WHAT IS NEEDED: Would you restate the listing word for word, with the images omitted?

DATA IN THIS EXERCISE:
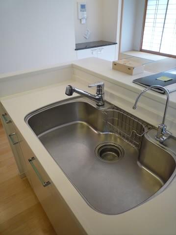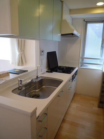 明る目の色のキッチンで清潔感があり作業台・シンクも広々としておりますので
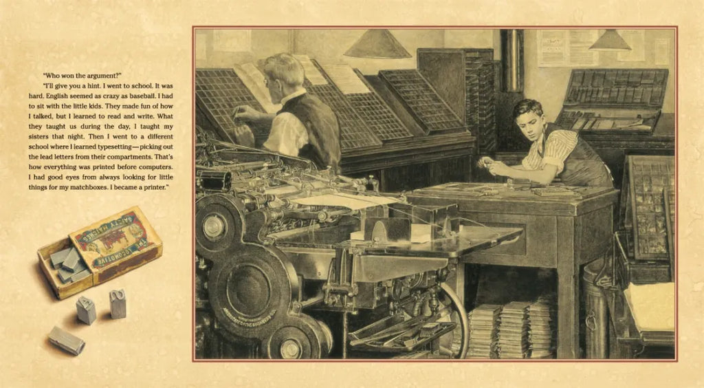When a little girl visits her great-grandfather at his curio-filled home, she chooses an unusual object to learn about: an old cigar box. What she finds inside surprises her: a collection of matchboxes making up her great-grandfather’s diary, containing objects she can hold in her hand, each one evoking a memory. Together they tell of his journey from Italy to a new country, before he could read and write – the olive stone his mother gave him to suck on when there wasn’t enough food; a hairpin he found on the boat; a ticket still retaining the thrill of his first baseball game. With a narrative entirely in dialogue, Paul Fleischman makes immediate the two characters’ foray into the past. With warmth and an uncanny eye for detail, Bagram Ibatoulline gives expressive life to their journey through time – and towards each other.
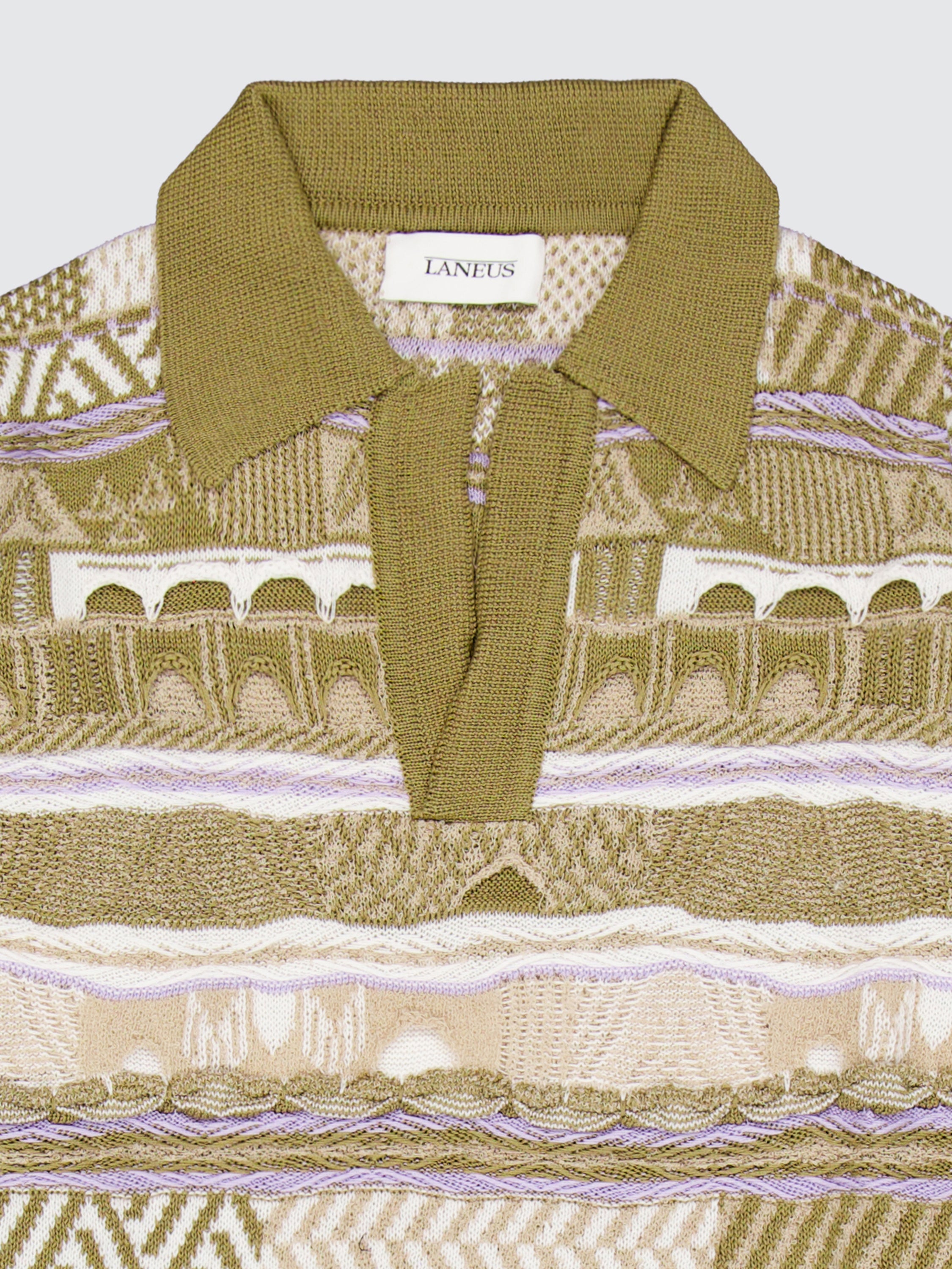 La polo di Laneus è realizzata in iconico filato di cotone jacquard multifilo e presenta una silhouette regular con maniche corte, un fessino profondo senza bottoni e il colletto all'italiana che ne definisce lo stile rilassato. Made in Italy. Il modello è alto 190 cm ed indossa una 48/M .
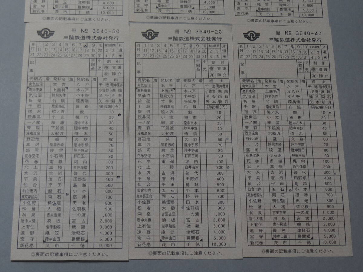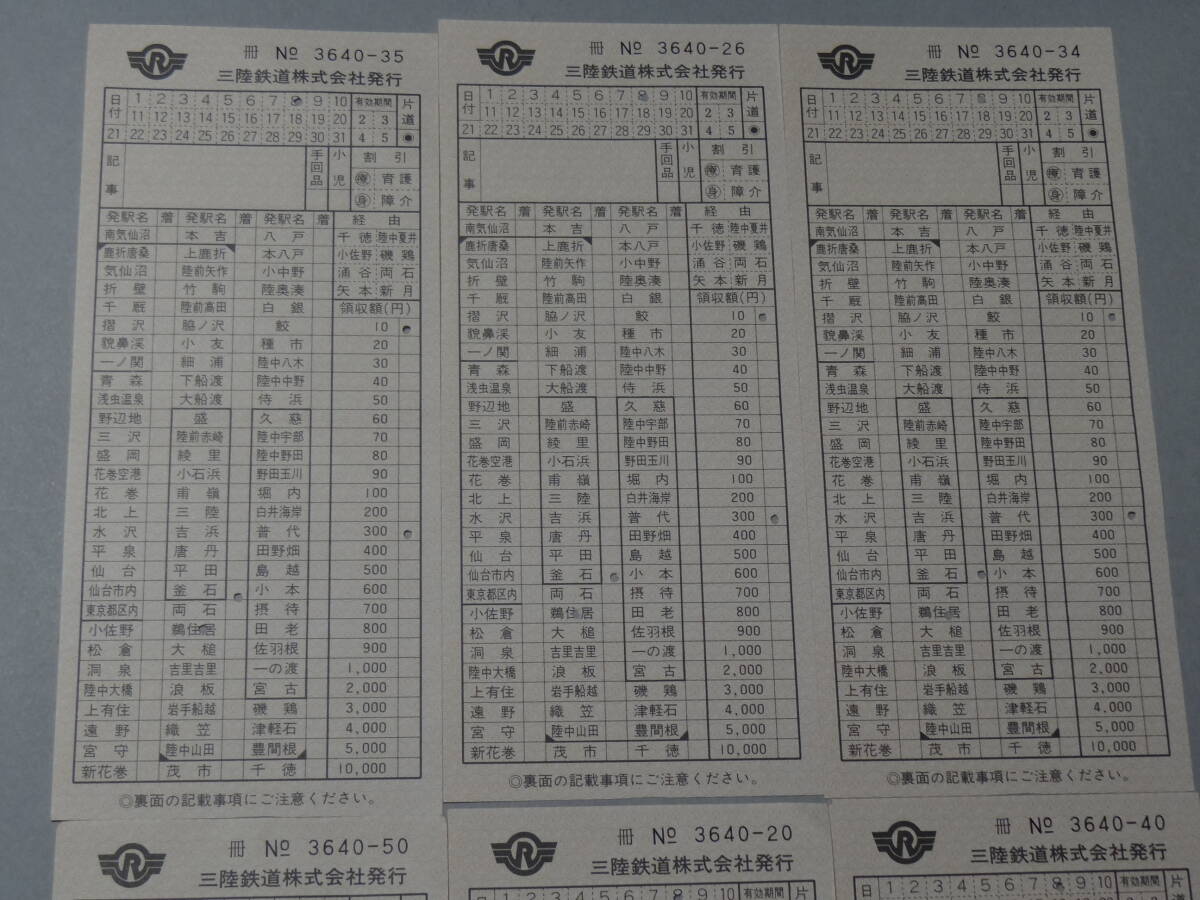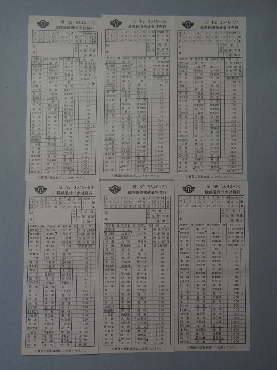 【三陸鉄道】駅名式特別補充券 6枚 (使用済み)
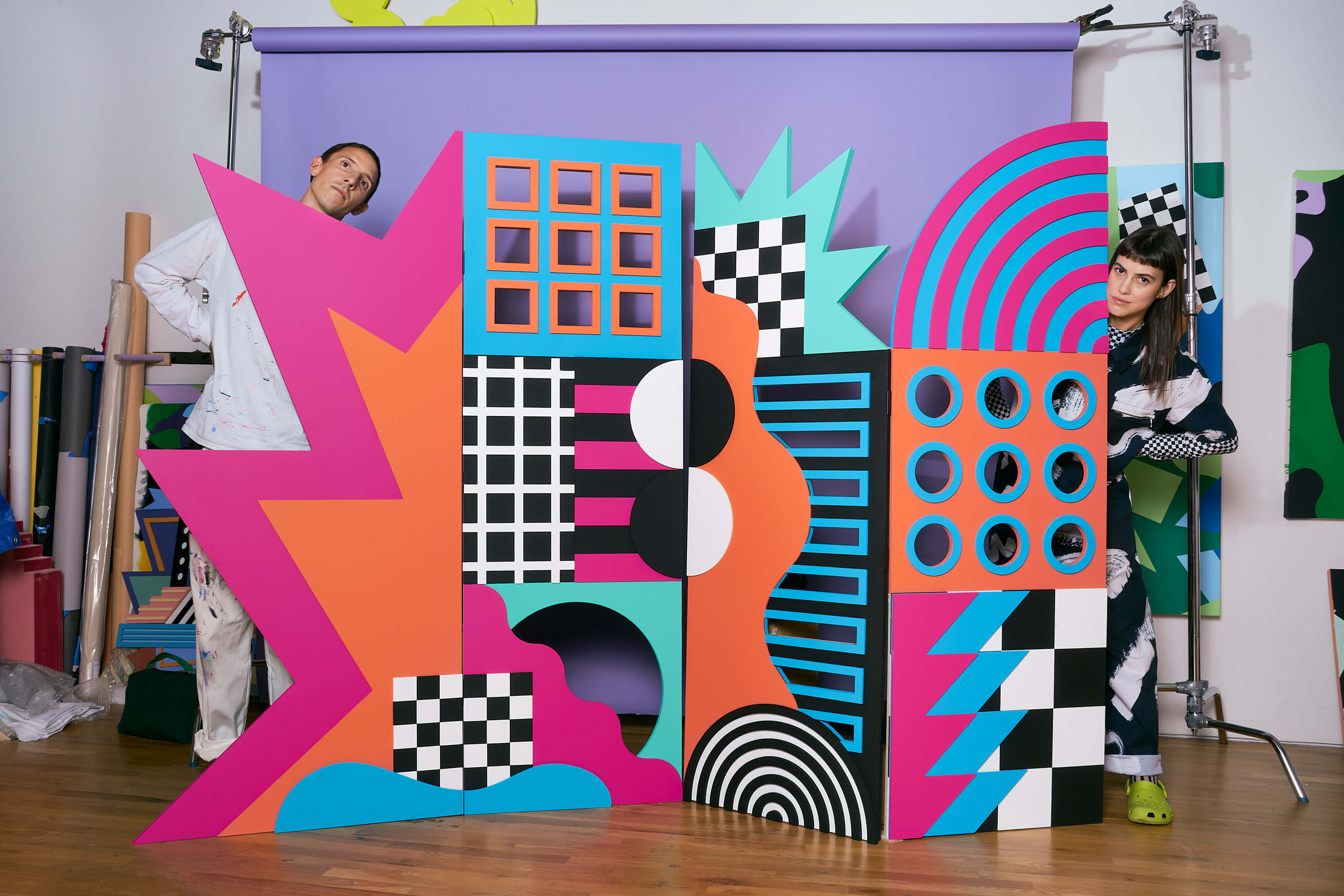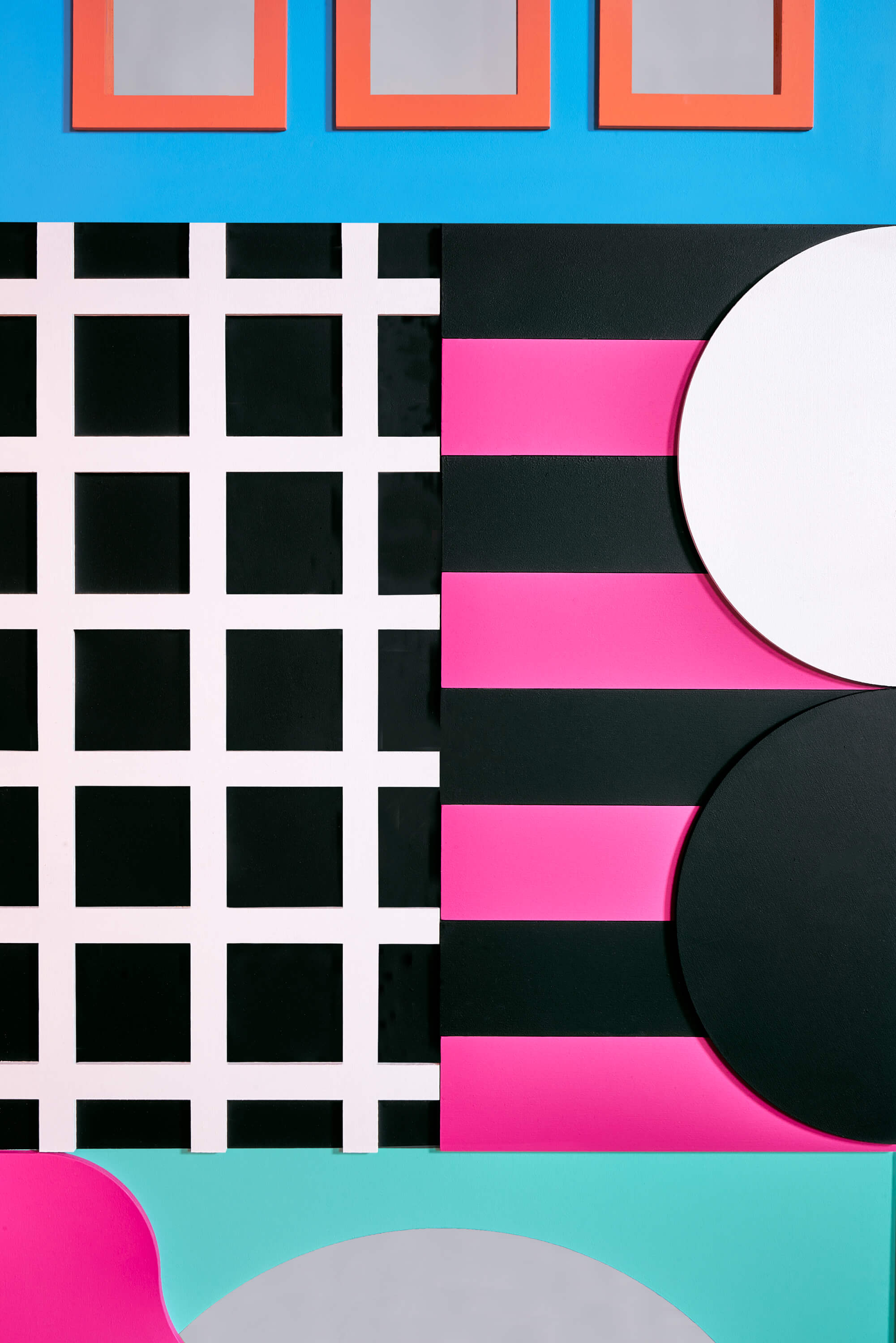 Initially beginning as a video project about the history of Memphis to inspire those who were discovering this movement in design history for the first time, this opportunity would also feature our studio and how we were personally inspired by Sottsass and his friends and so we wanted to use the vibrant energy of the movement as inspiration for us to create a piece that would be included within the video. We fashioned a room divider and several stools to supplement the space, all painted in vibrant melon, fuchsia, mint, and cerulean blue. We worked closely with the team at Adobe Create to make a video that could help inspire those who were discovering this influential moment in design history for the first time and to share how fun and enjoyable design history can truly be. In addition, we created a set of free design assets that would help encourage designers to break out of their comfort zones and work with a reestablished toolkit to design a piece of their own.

RESPONSE:
 明る目の色のキッチンで清潔感があり作業台・シンクも広々としておりますので
When a little girl visits her great-grandfather at his curio-filled home, she chooses an unusual object to learn about: an old cigar box. What she finds inside surprises her: a collection of matchboxes making up her great-grandfather’s diary, containing objects she can hold in her hand, each one evoking a memory. Together they tell of his journey from Italy to a new country, before he could read and write – the olive stone his mother gave him to suck on when there wasn’t enough food; a hairpin he found on the boat; a ticket still retaining the thrill of his first baseball game. With a narrative entirely in dialogue, Paul Fleischman makes immediate the two characters’ foray into the past. With warmth and an uncanny eye for detail, Bagram Ibatoulline gives expressive life to their journey through time – and towards each other.
 La polo di Laneus è realizzata in iconico filato di cotone jacquard multifilo e presenta una silhouette regular con maniche corte, un fessino profondo senza bottoni e il colletto all'italiana che ne definisce lo stile rilassato. Made in Italy. Il modello è alto 190 cm ed indossa una 48/M .
 【三陸鉄道】駅名式特別補充券 6枚 (使用済み)
 Initially beginning as a video project about the history of Memphis to inspire those who were discovering this movement in design history for the first time, this opportunity would also feature our studio and how we were personally inspired by Sottsass and his friends and so we wanted to use the vibrant energy of the movement as inspiration for us to create a piece that would be included within the video. We fashioned a room divider and several stools to supplement the space, all painted in vibrant melon, fuchsia, mint, and cerulean blue. We worked closely with the team at Adobe Create to make a video that could help inspire those who were discovering this influential moment in design history for the first time and to share how fun and enjoyable design history can truly be. In addition, we created a set of free design assets that would help encourage designers to break out of their comfort zones and work with a reestablished toolkit to design a piece of their own.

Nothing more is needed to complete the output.